In the meantime, although it is a bit pokey the reduction I'm presenting here is still practical. In addition, sometimes just seeing an implementation of something can really crystallize the concepts, so I thought I'd present the reduction here.
The Strategy
The starting point is the Filter Tree reduction of cost-sensitive multiclass classification to importance weighted binary classification. In this reduction, class labels are arranged into a March-madness style tournament, with winners playing winners until one class label emerges victorious: that is the resulting prediction. When two class labels ``play each other'', what really happens is an importance weighted classifier decides who wins based upon the associated instance features $x$.In practice I'm using a particular kind of filter tree which I call a scoring filter tree. Here the importance weighted classifier is constrained to be of the form \[
\Psi_{\nu} (x) = 1_{f (x; \lambda) > f (x; \phi)}.
\] Here $\lambda$ and $\phi$ are the two class labels who are ``playing each other'' to see who advances in the tournament. What this equation says is:
- There is a function $f$ which says how good each class label is given the instance features $x$.

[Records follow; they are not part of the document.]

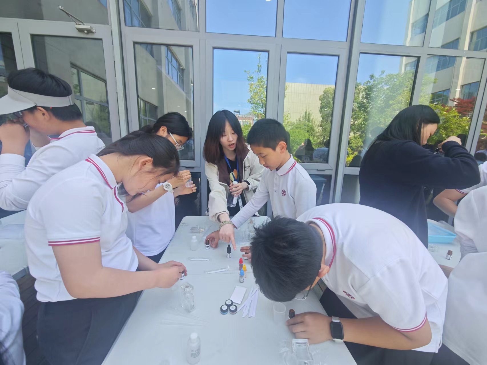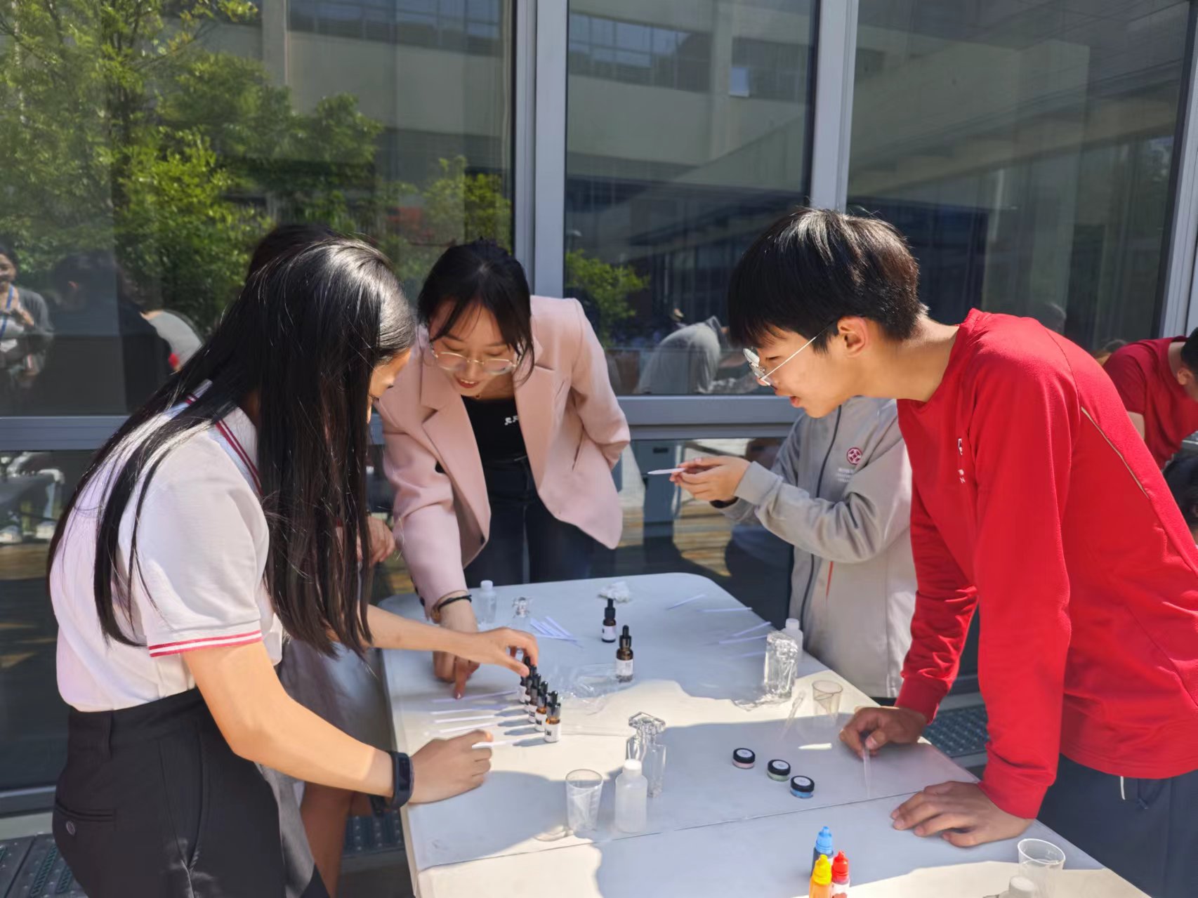学生指导小学生做调香实验
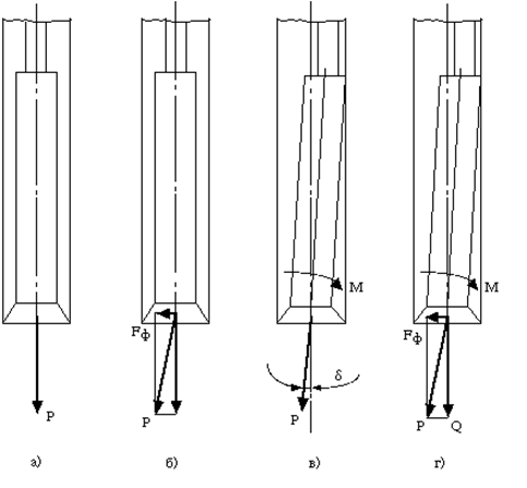 Во втором случае действуют объективные причины, связанные с неравномерным разрушением породы на забое скважины. Каждая из этих причин проявляется в виде сил и опрокидывающих моментов, действующих на породоразрушающий инструмент. Все эти силы и моменты могут быть приведены к одной равнодействующей и главному моменту. При этом возможны четыре случая.
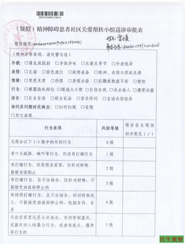 原审法院采纳的送医前的《送诊审批表》显示“疑似精神障碍栏目”为“零勾选”,本案也没有社区精防医生亲自检查再审曾媛的照片,再审曾媛根本没见过社区精防医生。
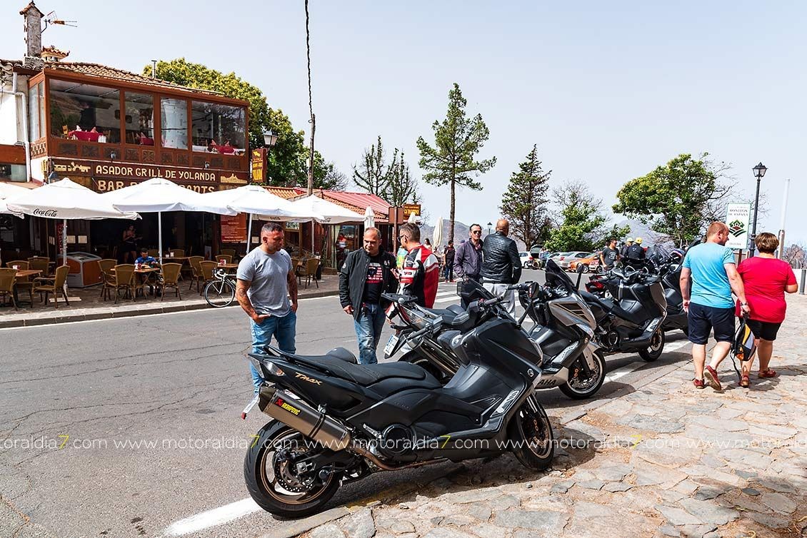 El recorrido de la ruta comenzaba con destino a Arucas, para subir por los Castillos, Los Chorros, Zumacal, Teror, Madre el agua, Ariñez y Cruz de Tejeda, donde se haría la primera parada para reponer y evacuar líquidos. Como es norma habitual en este punto se daban cita infinidad de moteros de todas las marcas, y los saludos entre todos es algo habitual e ineludible. Otra de las ventajas de conducir una moto....la cantidad de “amigos” que puedes hacer.
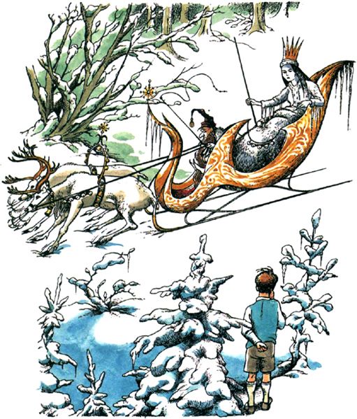 “Just like a girl,” said Edmund to himself, “sulking somewhere, and won’t accept an apology.” He looked round him again and decided he did not much like this place, and had almost made up his mind to go home, when he heard, very far off in the wood, a sound of bells. He listened and the sound came nearer and nearer and at last there swept into sight a sledge drawn by two reindeer.
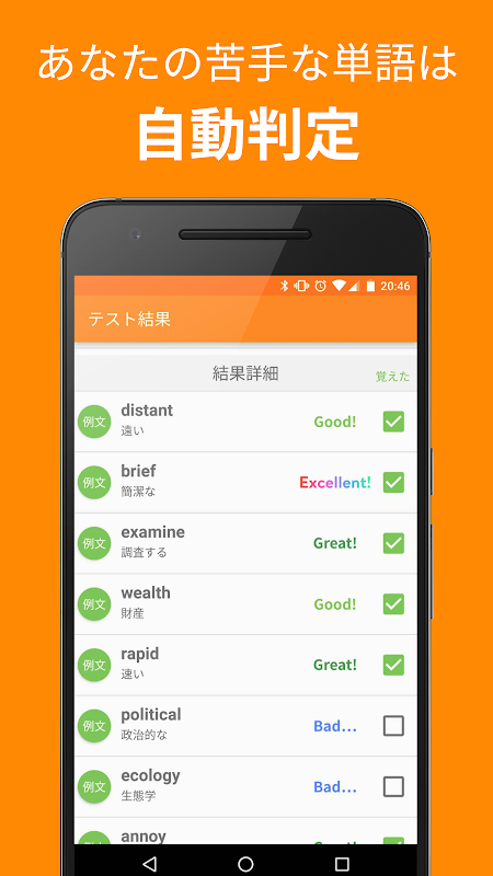 知っていたら右へ、知らなかったら左へカードをめくるだけで、知らない英単語のみが繰り返し表示され、学習できるようになっています。学習中に発音を同時に聞くことができるため、目で見ながら耳でも英単語を覚えていくことができます。学習後すぐに英単語テストを実施することで、定着度を向上させます。約1分で10単語学習することができるため、通勤・通学やちょっとしたすき間時間にも。
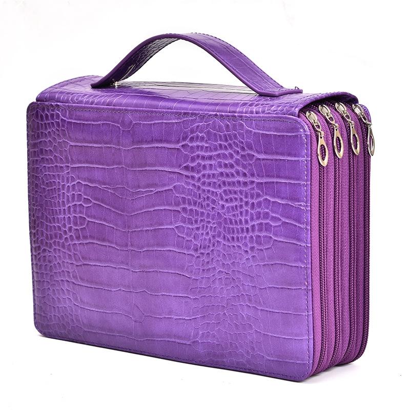200 Hole Art Painting Pen Storage Bag Large-Capacity Crocodile Pattern PU Pencil Bag(Purple)
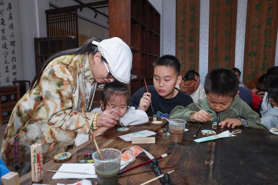 浙江省湖州市长兴县泗安镇,国家一级美术师李希玲(左一)指导学生们在木条上进行绘画创作。新华社记者 徐昱 摄
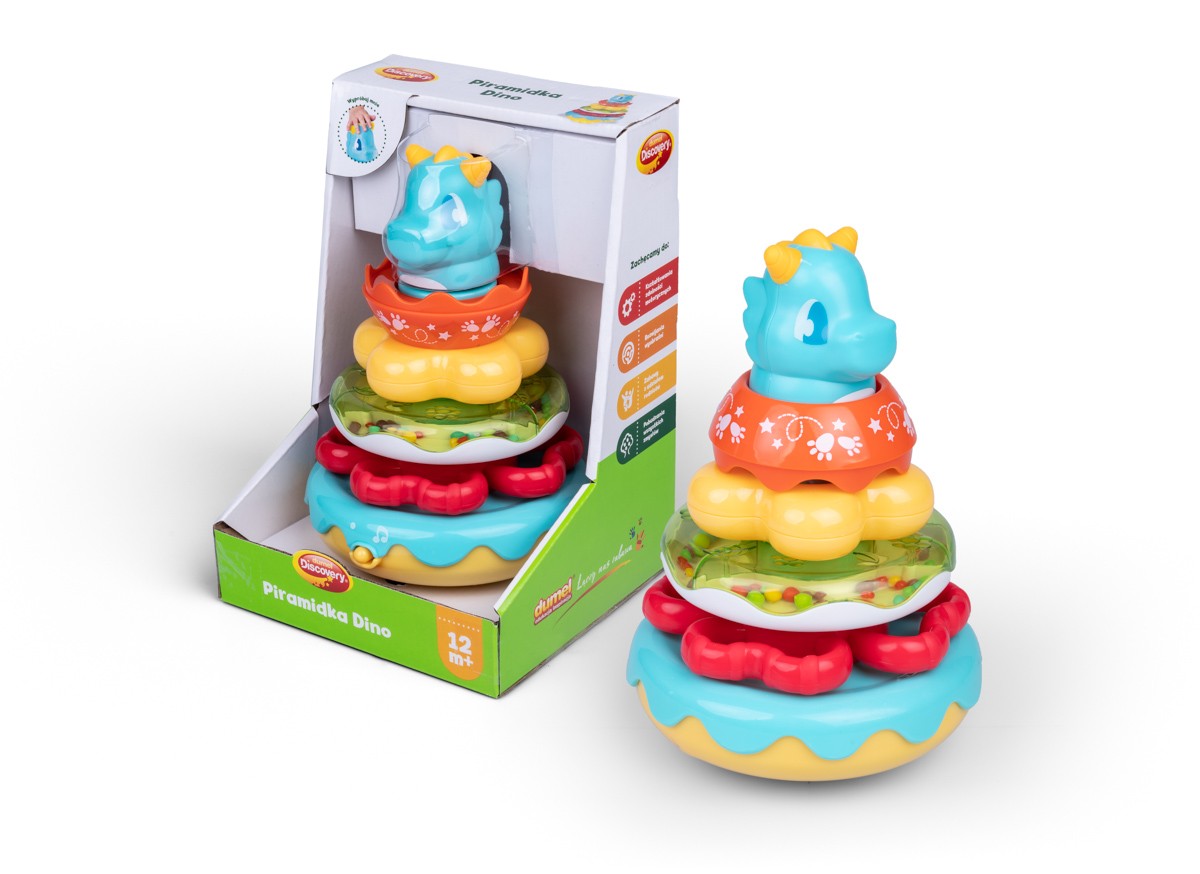 У казково барвистого динозавра цілих 4 кільця, одне з яких брязкає. Малюк може переставляти їх за своїм бажанням, створюючи пірамідку, або грати ними окремо. База Dino хитається з боку в бік, що робить гру ще веселішою! Перемикач активує мелодії.
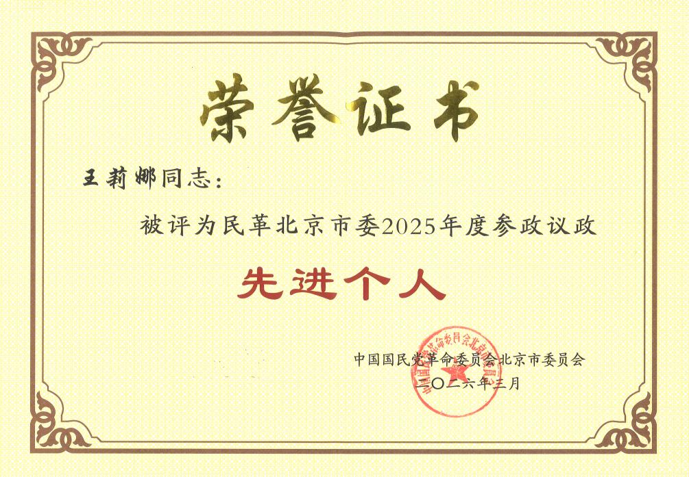 近日,民革北京市委发布表彰决定,世界杯经济管理学院教师、民革北京市委经济委委员、民革丰台区第七支部委员王莉娜老师,荣获“民革北京市委2025年度参政议政先进个人”称号。
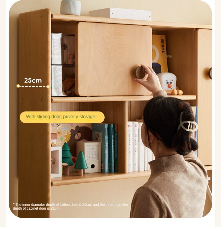 The combination workspace includes both a desk and an elevated open bookcase, allowing easy access to books while keeping the desktop clear for writing or creative projects. Thoughtful storage solutions abound: a spacious bottom drawer cabinet provides ample room for toys or school supplies, adjustable inner shelves allow customized organization, and a privacy sliding-door compartment protects important items. An integrated charging hole keeps devices powered and cords organized, supporting homework and learning with modern convenience.
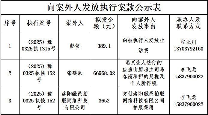 特别提示:公示期满3个自然日后,如无当事人提出异议,则该案款将向案外人发放,监督电话:0379-66335170。
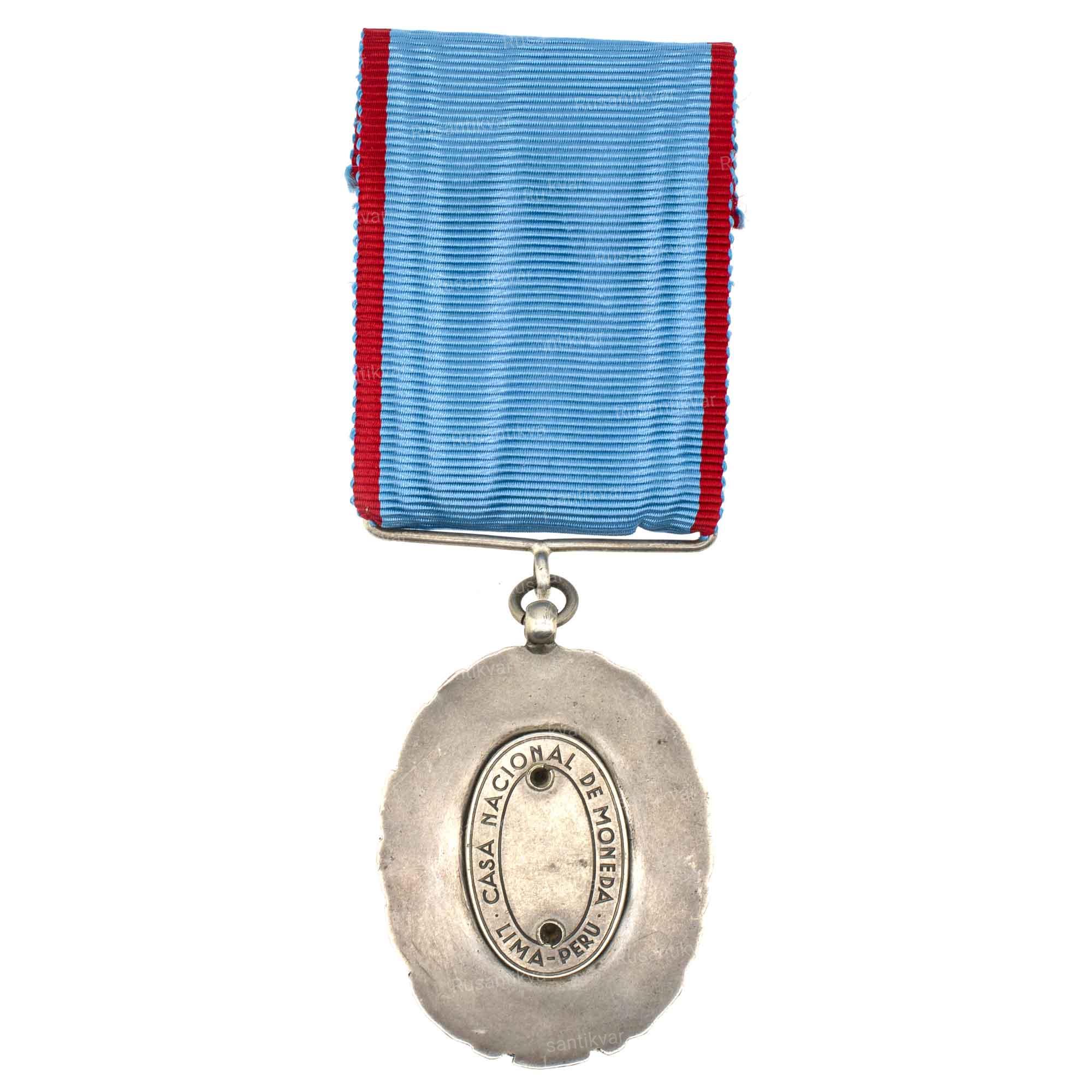 Учреждён в октябре 1946 г. Перу, г Лима, Национальный Монетный двор, 1946 - 2022 гг. Серебро 925", эмаль, 29.9 гр. Размеры 50.3 х 44 мм. На оборотной стороне выбита цифра "925" - проба серебра, из которого изготовлен орден. Сохранность отличная (UNC-). Довольно редкий (Р).
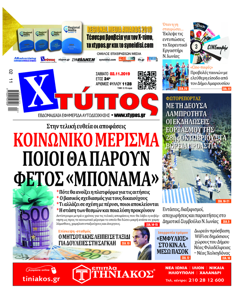 Πρωτοσέλιδο «ΧΤΥΠΟΣ» Σάββατο 2 Νοεμβρίου 2019
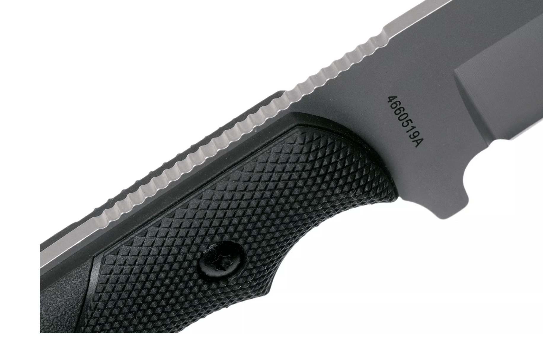 Rękojeść noża ma ergonomiczny kształt i jest uzupełniona o wgłębienia na palce, co zapewnia wygodny chwyt. Ostrze wykonane jest z wysokiej jakości stali nierdzewnej 5Cr15MoV, którą łatwo utrzymać w ostrym stanie. Wszystkie metalowe elementy noża, w tym ostrze, mają matową szarą powierzchnię spowodowaną piaskowaniem.
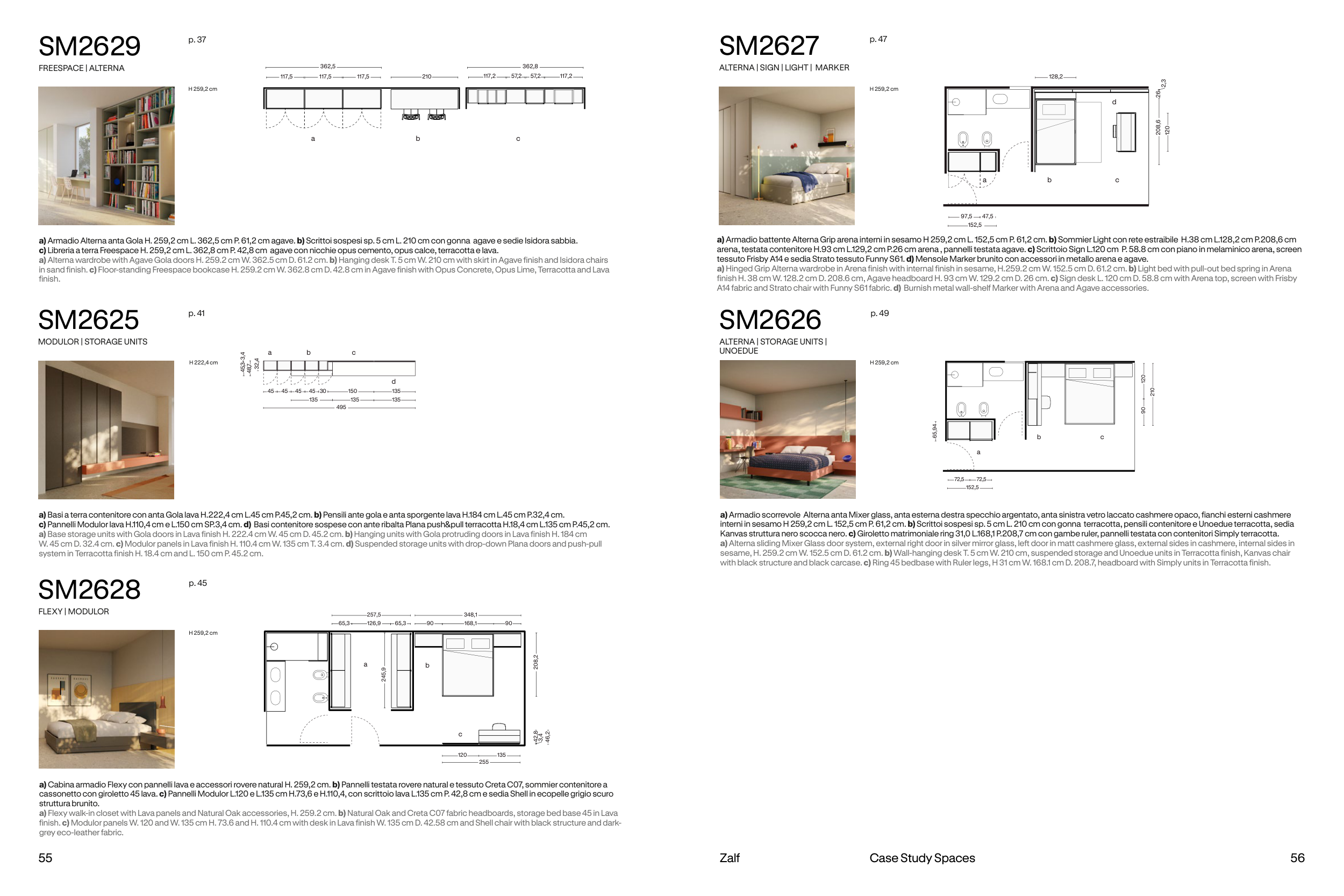 a) Flexy walk-in closet with Lava panels and Natural Oak accessories, H. 259.2 cm. b) Natural Oak and Creta C07 fabric headboards, storage bed base 45 in Lava

- The better class label always beats the other class label.
The Implementation
I'll assume that we're trying to classify between $|K|$ labels denoted by integers $\{ 1, \ldots, |K|\}$. I'll also assume an input format which is very close to vowpal's native input format, but with a cost vector instead of a label. \[c_1,\ldots,c_{|K|}\; \textrm{importance}\; \textrm{tag}|\textrm{namespace}\; \textrm{feature} \ldots
\] So for instance a 3 class problem input line might look like \[
0.7,0.2,1.3\; 0.6\; \textrm{idiocracy}|\textrm{items}\; \textrm{hotlatte}\; |\textrm{desires}\; \textrm{i}\; \textrm{like}\; \textrm{money}
\] The best choice (lowest cost) class here is 2.
Test Time
Applying the model is easier to understand than training it, so I'll start there. Within the perl I transform this into a set of vowpal input lines where each line corresponds to a particular class label $n$, \[\; \textrm{tag}|\textrm{namespace}n\; \textrm{feature} \ldots
\] Essentially the cost vector and importance weight are stripped out (since there is no learning happening right now), the tag is stripped out (I handle that separately), and each namespace has the class label appended to it. Since vowpal uses the first letter to identify namespaces, options that operate on namespaces (e.g., -q, --ignore) will continue to work as expected. So for instance continuing with the above example we would generate three lines \[
|\textrm{items}1\; \textrm{hotlatte}\; |\textrm{desires}1\; \textrm{i}\; \textrm{like}\; \textrm{money}\; |\_1\; k
\] \[
|\textrm{items}2\; \textrm{hotlatte}\; |\textrm{desires}2\; \textrm{i}\; \textrm{like}\; \textrm{money}\; |\_2\; k
\] \[
|\textrm{items}3\; \textrm{hotlatte}\; |\textrm{desires}3\; \textrm{i}\; \textrm{like}\; \textrm{money}\; |\_3\; k
\] Each of these lines is fed to vowpal, and the class label that has the lowest vowpal output is selected as the winner of the tournament. That last feature $k$ in the namespace _ is providing a class label localized version of the constant feature that vowpal silently provides on every example.
Train Time
At train time I essentially run the tournament: but since I know the actual costs, I update the classifier based upon who ``should have won''. The importance weight of the update is determined by the absolute difference in costs between the two teams that just played. So in the case of two class labels $i$ and $j$ there will be a training input fed to vowpal of the form, \[1\; \omega\; \textrm{tag}|\textrm{namespace$i$:1}\; \textrm{feature} \ldots |\textrm{namespace$j$:-1}\; \textrm{feature} \ldots |\textrm{\_$i$:-1} \; k\; |\textrm{\_$j$:-1}\; k
\] where $\omega = \textrm{importance} * \mbox{abs} (c_i - c_j)$, i.e., the original importance weight scaled by the absolute difference in the actual costs. Here I'm leveraging the ability to provide a weight on a namespace which multiplies the weights on all the features in the namespace. (What about that pesky constant feature that vowpal always provides? It's still there and really it shouldn't be. The right way to deal with this would be to patch vowpal to accept an option not to provide the constant feature. However I want to present something that works with an unpatched vowpal, so instead I feed another training input with everything negated in order to force the constant feature to stay near zero.)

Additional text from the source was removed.